The architecture of the ACE2 model is very similar to the crystal structure of tACE (Fig. 2A ). The superposition of the ACE2 model structure with the template structures of tACE and AnCE (Fig. 2B) shows very small deviation (rmsd less than 0.5 Å). A major feature of the ACE2 structure (and the template structures) is a deep channel on the top of the molecule that contains the catalytic site (Fig. 3A ). A comprehensive analysis of the structure and function of the catalytic site was very recently reported after our model was completed [19]; here we will not discuss the enzymatic function of ACE2 but rather use the enzymatic site location for reference purposes. The channel is surrounded by ridges containing loops, helices, and a portion of a β-sheet. The long loop between N210 and Q221 that is missing in tACE and AnCE (Fig. 1) is on the ACE2 surface (Fig. 2B); note that the orientation of ACE2 in Fig. 2B is different than in Fig. 2A in order to show this loop. Potential N-glycosylation sites were identified at six positions: 53, 90, 103, 322, 432, and 546, but only two of them (53 and 90) were aligned with the tACE structure (Fig. 1). They shared the pattern NXTX (except 103) and were modeled with a N-acetylglucosamine moiety (Fig. 3B). The direction of the main chain is illustrated in Fig. 3C.

Fig. 2.

Fig. 2

The model of the ACE2 structure. (A) A ribbon representation of the ACE2 model. The N- and C-termini are indicated. (B) Superposition of the ACE2 model structure with the crystal structures of tACE and AnCE based on the Cα-atoms of ACE2, tACE, and AnCE (ACE2, dark gray; tACE, light gray; and AnCE, black). The long loop inserted between N210 and Q221 that is unique for ACE2 is indicated.

Fig. 3.

Fig. 3

Analysis of the ACE2 model structure. (A) Representation of negative and positive molecular surface potentials in red and blue, respectively. The channel at the top of the molecule containing the catalytic site and the surrounding ridges containing negatively charged residues is indicated. (B) Distribution of glycosylation sites (green) on the ACE2 surface. (C) The backbone warm representing the orientation of the main chain. (D) Distribution of hydrophobic patches on the ACE2 surface.

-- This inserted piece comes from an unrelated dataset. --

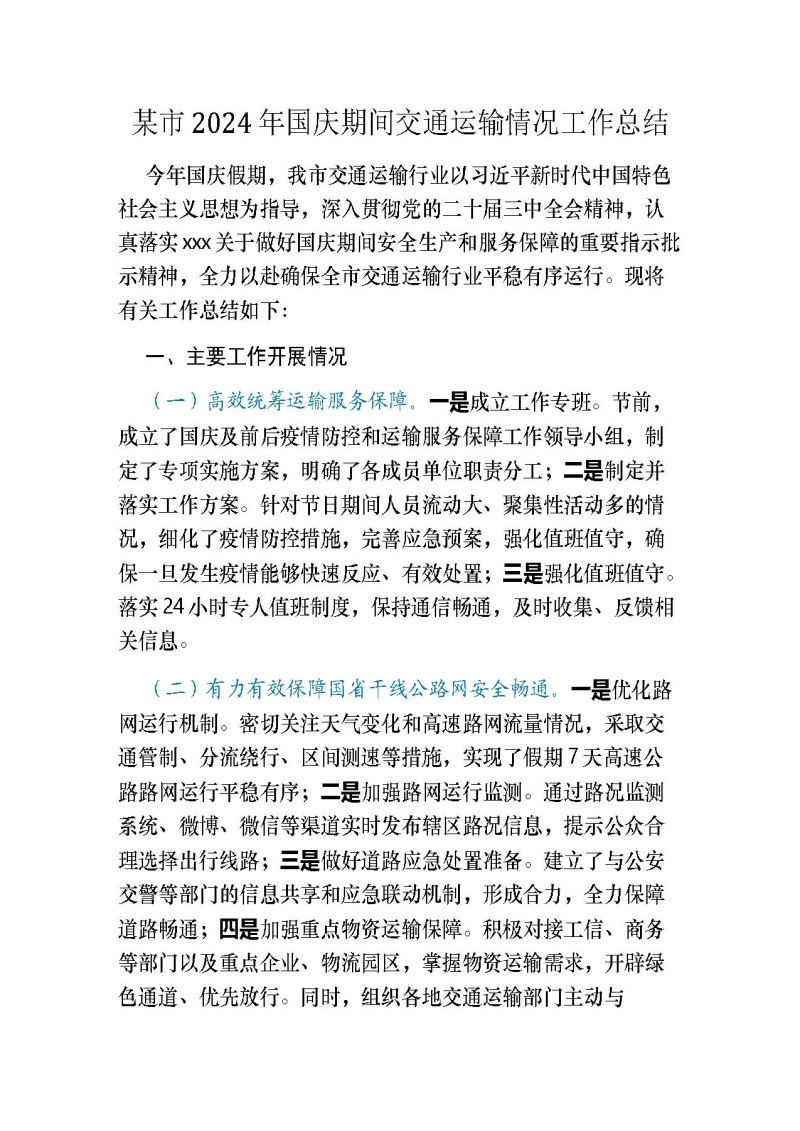 某市2024年国庆期间交通运输情况工作总结今年国庆假期,我市交通运输行业以习近平新时代中国特色社会主义思想为指导,深入贯彻党的二十届三中全会精神,认真落实xxx关于做好国庆期间安全生产和服务保障的重要指示批示精神,全力以赴确保全市交通运输行业平稳有序运行。现将有关工作总结如下:一、主要工作开展情况(一)高效统筹运输服务保障。一是成立工作专班。节前,成立了国庆及前后疫情防控和运输服务保障工作领导小组,制定了专项实施方案,明确了各成员单位职责分工;二是制定并落实工作方案。针对节日期间人员流动大、聚集性活动多的情况,细化了疫情防控措施,完善应急预案,强化值班值守,确保一旦发生疫情能够快速反应、有效处置;三是强化值班值守。落实24小时专人值班制度,保持通信畅通,及时收集、反馈相关信息。(二)有力有效保障国省干线公路网安全畅通。一是优化路网运行机制。密切关注天气变化和高速路网流量情况,采取交通管制、分流绕行、区间测速等措施,实现了假期7天高速公路路网运行平稳有序;二是加强路网运行监测。通过路况监测系统、微博、微信等渠道实时发布辖区路况信息,提示公众合理选择出行线路;三是做好道路应急处置准备。建立了与公安交警等部门的信息共享和应急联动机制,形成合力,全力保障道路畅通;四是加强重点物资运输保障。积极对接工信、商务等部门以及重点企业、物流园区,掌握物资运输需求,开辟绿色通道、优先放行。同时,组织各地交通运输部门主动与S211、S305等干线公路施工项目部、“公转铁”项目施工单位进行对接,及时了解项目建设进展情况和运输需求,为项目建设提供交通运输支撑。(三)提升交通运输综合服务能力。一是强化旅游服务保障。印发《关于做好2024年国庆假期文化和旅游假日工作的通知》,召开了安源区、湘东区、莲花县旅游部门及旅行社座谈会,商讨假日旅游工作安排;二是推进客运转型发展。加大公交车型优化调整力度,新增纯电动公交车10台,更换纯电动车9台;三是优化城市交通出行。在市区重要路口、重点路段设置志愿者疏导点,引导市民群众文明出行;四是改善农村交通基础设施。新改建农村公路危桥8座,提升农村道路安保工程100公里/百平方公里;五是实施农村公路养护工程100公里。(四)着力营造交通运输安全稳定环境。一是强化重点领域安全监管。突出“两客一危”、农村公路、港航和工程建设等重点领域,深入开展安全生产专项整治三年行动集中攻坚;二是强化交通运输执法监督。加强对重点营运车辆动态监控平台的运行监管和非法营运整治力度;与公安交警联合开展治超专项行动。1日至7日,全市共出动执法人员612人次,检查车辆2615辆次,查获超限超载车辆83辆,卸载货物6.55吨;三是开展安全生产督导检查。市交通运输局领导班子带队到各县区、乡镇对交通运输企业安全生产运营情况进行督导检查,督促企业落实主体责任。二、当前交通运输安全生产形势分析从国庆假期7天交通运输安全生产情况来看,我市未发生有影响的交通事故,交通运输行业平稳有序运行。但我们也清醒认识到存在的问题和不足:(一)安全生产责任压得不实不严。部分单位存在重生产轻安全现象,安全生产投入不足、安全管理薄弱等问题依然存在;(二)基础设施建设存在短板弱项。城乡交通运输基础设施建设发展不平衡的问题依然存在;(三)事中事后监管还不够有力。上下游衔接不畅、信息化水平较低等问题仍然存在。产生上述问题的原因主要有以下两个方面:一是思想认识不到位。有的单位认为现在经济社会发展相对稳定了,因此在抓安全生产工作时存在麻痹思想、侥幸心理和松劲心态;二是风险隐患排查整治不彻底。个别单位对安全生产重视不够,走过场、敷衍应付的现象依然存在,隐患整改的质量和效果均不理想。三、下一步工作措施建议围绕“保安全、保稳定、促发展”三个任务抓好落实:(一)提高政治站位,贯彻落实重要精神。一是深化思想认识。进一步认清交通运输安全生产面临的严峻形势和做好安全生产工作的极端重要性;二是狠抓责任落实。把责任落实到每一个人身上每一个岗位上,建立健全安全生产责任体系并层层压实压死;三是用好“四种形态”。对安全隐患整改不力或拒不整改的严肃追责问责,让失责必问成为常态。(二)针对问题不足,抓好整改提升。一是提升基础设施建设水平。加快构建互联互通的综合交通网络体系,不断完善城乡公共交通基础设施网络;二是提升交通运输安全管理水平。大力推进道路运输企业安全生产标准化建设,推广应用安全营运智能监控系统;三是提升综合交通运输管理水平。加快推进出行服务枢纽建设、“公转铁”“公转水”等重大项目实施进度;四是提升执法监管能力水平。深化综合行政执法改革,构建权责一致的大交通管理格局。(三)坚守岗位职责,全力打赢保畅攻坚战。优化和改进交通保畅预案,评估其科学性和实用性,特别是恶劣天气下的应急预案。增强交通保畅能力,包括增加救援力量和设

ACE2 surface potential, solvent accessibility, hydrophobicity analysis, and carbohydrate distribution

Interactions of viral attachment proteins with protein receptor molecules are mostly determined by complementarity in surface charge distribution, hydrophobic interactions, and geometry; typically carbohydrates are excluded from the binding sites [9]. In an attempt to provide working hypothesis for possible regions involved in the interaction of the S-glycoprotein with its receptor we analyzed the ACE2 surface potential, solvent accessibility, hydrophobicity, and carbohydrate distribution. The surface of the deep channel at the top of ACE2 and the surrounding ridges is highly negatively charged (Fig. 3A). These ridges contain residues D136, E150, N154, D157, D292, D295, and D299 some of which have large ASA values, e.g., D136, N154, and D157 have 109, 108, and 80 Å2, respectively (Fig. 4 ). Comparison of these residues with the corresponding residues from ACE that do not support fusion mediated by the S-glycoprotein [2], and mouse ACE2 that binds to S but with somewhat lower affinity than human ACE2 (M. Farzan, personal communication) (Fig. 5 ) supports the possibility that some of these residues contribute to specific binding. The hydrophobicity analysis revealed distinct hydrophobic patches in close proximity to the negatively charged ridges (Fig. 3D). There are at least three hydrophobic regions comprising different residues including Phe, Trp, and Tyr which could contribute to binding in addition to the charged binding surface. All carbohydrate sites are topologically apart from the electronegative surface at the top of the molecule (Fig. 3B).

Fig. 4.

Fig. 4

Solvent accessible surface areas (right column, in Å2) for ACE2 amino acid residues that are significantly exposed to solvent at the surface of the molecule. The cut-off for significant surface exposure here is assumed to be 45% ratio value defined as the ratio of side-chain surface area to a “random coil” value per residue in the tripeptide Gly–X–Gly. The middle column represents the amino acid residue number.

Fig. 5.

Fig. 5

Conservation of amino acid residues in human ACE2, human ACE, and mouse ACE2 that could contribute to interactions with the S-glycoprotein. Identities are marked by a pipe (|), highly conservative replacements by a colon (:), and replacements with lower scores by a dot (·). The numbers denote the amino acid residue positions in the sequence. Note that the similarity of these ACE2 residues with the corresponding residues of mouse ACE2 is much higher than with the respective human ACE residues.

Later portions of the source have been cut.